Not long ago there was a dumb idea going around: photovoltaic roadways. It was almost impossibly stupid, ignoring the fact that roads need to carry almost unlimited loads, need to be recycled every few years and are often shaded or covered with snow or dirt. Nevertheless, it got $2.2 million from probably well-meaning people on the crowdfunding website IndieGoGo.

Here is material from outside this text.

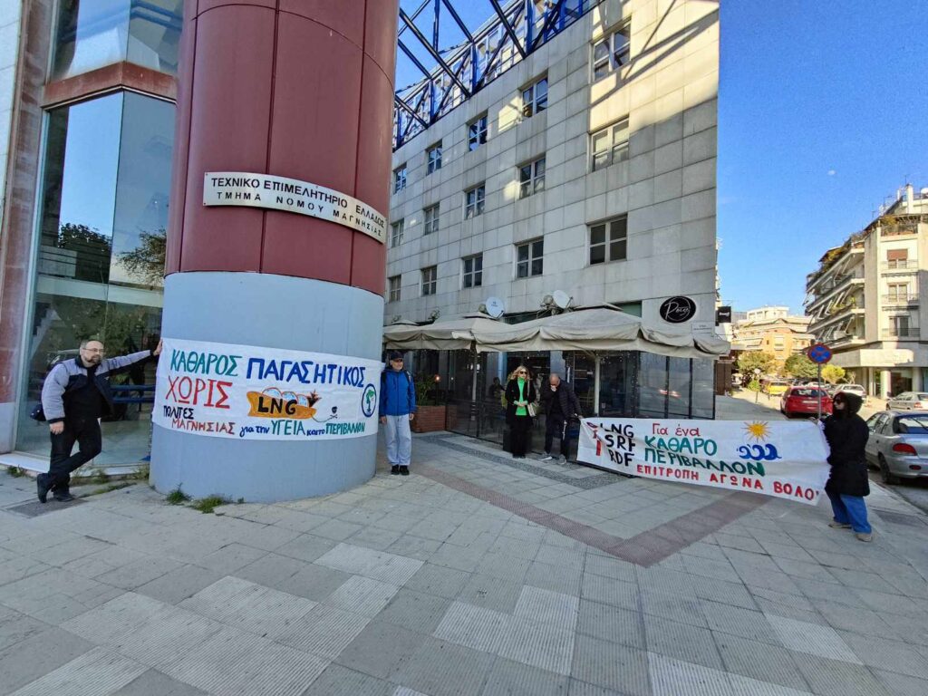 Στην είσοδο του ΤΕΕ Μαγνησίας βρέθηκαν σήμερα το απόγευμα μέλη των οικολογικών οργανώσεων του Βόλου, της Περιβαλλοντικής Πρωτοβουλίας, των Πολιτών για την Υγεία και το Περιβάλλον, της Επιτροπής πολιτών κατά της καύσης από την ΑΓΕΤ και διαμαρτυρήθηκαν με αφορμή εκδήλωση της ΑΓΕΤ, όπου παρουσιάζονταν ένα νέο τεχνολογικά πρόγραμμα για τη δέσμευση του διοξειδίου του άνθρακα.

There’s a new only slightly less dumb idea going around: photovoltaic building windows. It ignores that almost no windows face the sun directly, for good reason. Unless you are in a truly frigid climate, building windows that directly face the sun waste energy by overheating the space, requiring cooling or (often mechanical) ventilation. In the article at that link, the inventor fantasizes about using a PV film instead of current energy efficiency films on skyscrapers. Builders will have to justify any additional cost for the films and all the wiring through the building to collect all this energy. Adding to the cost is any reduction in operating efficiency of the building — if the PV film is any worse than the fancy efficiency films it displaces, you need to count in the increased energy consumption for the building and the need for bigger chillers, ducts and cool water piping. This starts to look like an awful expensive way to produce a tiny amount of electricity.
If you really want to reduce a building’s net energy consumption, one of the best things is to shade the windows so you get daylight without direct blast of solar gain, at least not in summer. PV windows won’t work if they are shaded.
Both of these clever PV ideas are based on a faulty premise: that the lack of solar power generation is for lack of places to put solar panels. There are plenty of places to put solar panels. If solar panels aren’t being installed in your town, it is probably because the level of insolation is too low to justify it, utility rate structures make it uneconomical, or other energy sources in your area are much cheaper. None of these are affected by clever inventions like solar roads or windows. You need to go back to boring old utility rate regulation, carbon taxes, and the weather.
These newfangled ideas obstinately forget all the lessons from decades past about negawatts. This is the idea that generation is no better, and often worse, than conservation. If you want to overall reduce the amount of fossil fuels being used for energy, you should probably drive less on any kind of road, with or without embedded PV cells. You should shade windows, especially in summer. And yes, you should build more PV installations — at the exact angles best suited to capturing peak solar radiation, in locations with minimal cloud and shade. In other words, make good use of roads and windows. Don’t try to cover over wasteful construction with a coat of PV film.